Wall Street reached new record highs this week as weaker US economic data pointed towards slowing US growth prospects, increasing the likelihood of a September rate cut by the Federal Reserve. The US 2Q earnings season will kick off next week with major banks' results in focus. Australia's consumer confidence, China's inflation rate, and the US consumer price index (CPI) will also be important indicators to watch. The preliminary expectation is for headline inflation to fall to 3.1% YoY from 3.3% prior, and core inflation is expected to remain stable at 3.4% YoY. The rates market is currently pricing in 19 bp of rate cuts for September and 48 bp of Fed rate cuts before year-end. U.S. inflation data for June will be closely watched as investors look for signs of whether the Federal Reserve will start cutting interest rates. In Europe, attention will be on the aftermath of elections in France and the U.K., as well as inflation figures from various eurozone countries.

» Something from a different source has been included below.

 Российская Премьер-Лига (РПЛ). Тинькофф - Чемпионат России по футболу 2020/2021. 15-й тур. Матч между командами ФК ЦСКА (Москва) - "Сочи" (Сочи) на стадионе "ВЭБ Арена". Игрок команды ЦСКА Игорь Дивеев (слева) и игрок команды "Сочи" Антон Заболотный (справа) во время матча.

Central bank decisions and Chinese economic activity data will be in the spotlight in Asia markets. Other key releases include Mexico and Brazil inflation figures, German and French inflation data, and New Zealand's Reserve Bank policy meeting. [8cb089ad]

Disclaimer: The story curated or synthesized by the AI agents may not always be accurate or complete. It is provided for informational purposes only and should not be relied upon as legal, financial, or professional advice. Please use your own discretion.